Produce an exact transcription of the data, with the images left out.

□ □ □ □ □

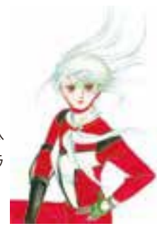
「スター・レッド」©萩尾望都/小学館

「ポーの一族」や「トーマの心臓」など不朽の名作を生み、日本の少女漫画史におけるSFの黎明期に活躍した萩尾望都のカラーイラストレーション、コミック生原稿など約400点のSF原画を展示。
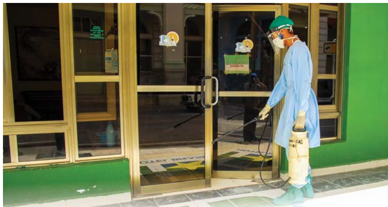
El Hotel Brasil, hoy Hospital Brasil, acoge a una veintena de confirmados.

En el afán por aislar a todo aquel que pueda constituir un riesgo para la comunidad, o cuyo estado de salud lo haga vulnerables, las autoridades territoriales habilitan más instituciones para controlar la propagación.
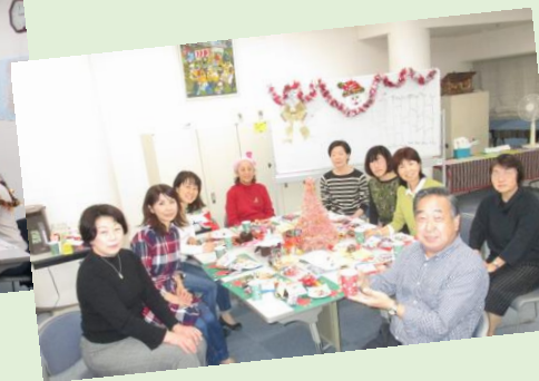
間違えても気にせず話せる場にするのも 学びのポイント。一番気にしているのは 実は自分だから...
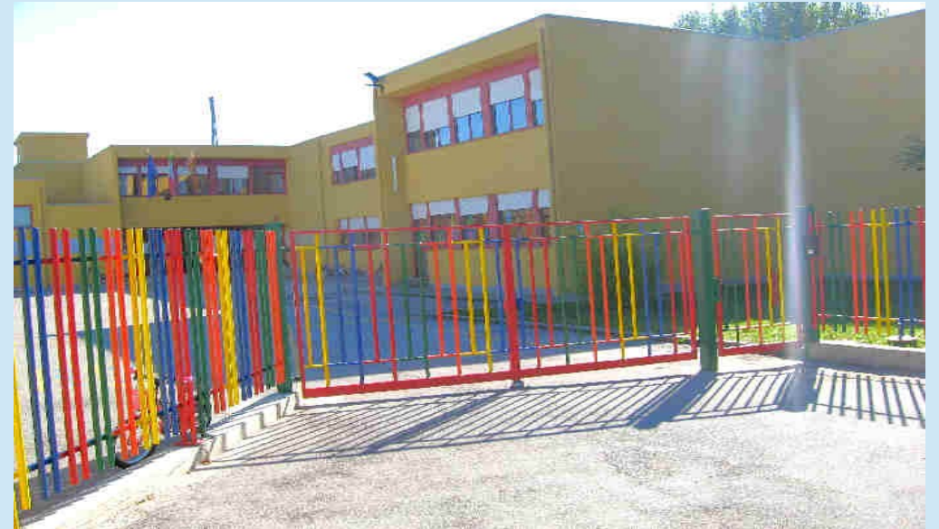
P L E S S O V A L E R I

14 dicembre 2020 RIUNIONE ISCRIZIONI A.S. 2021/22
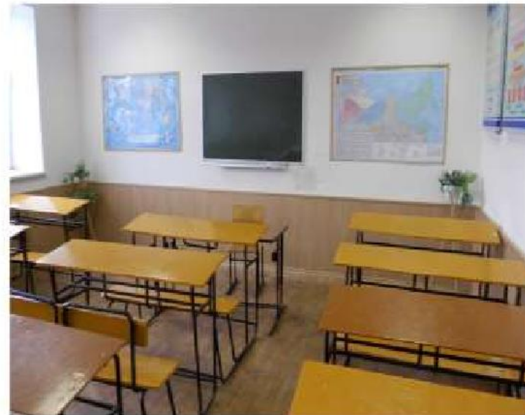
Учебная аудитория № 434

□ □ □ □ □

- [Answer box]
「スター・レッド」©萩尾望都/小学館

「ポーの一族」や「トーマの心臓」など不朽の名作を生み、日本の少女漫画史におけるSFの黎明期に活躍した萩尾望都のカラーイラストレーション、コミック生原稿など約400点のSF原画を展示。
El Hotel Brasil, hoy Hospital Brasil, acoge a una veintena de confirmados.

En el afán por aislar a todo aquel que pueda constituir un riesgo para la comunidad, o cuyo estado de salud lo haga vulnerables, las autoridades territoriales habilitan más instituciones para controlar la propagación.
間違えても気にせず話せる場にするのも 学びのポイント。一番気にしているのは 実は自分だから...
P L E S S O V A L E R I

14 dicembre 2020 RIUNIONE ISCRIZIONI A.S. 2021/22
Учебная аудитория № 434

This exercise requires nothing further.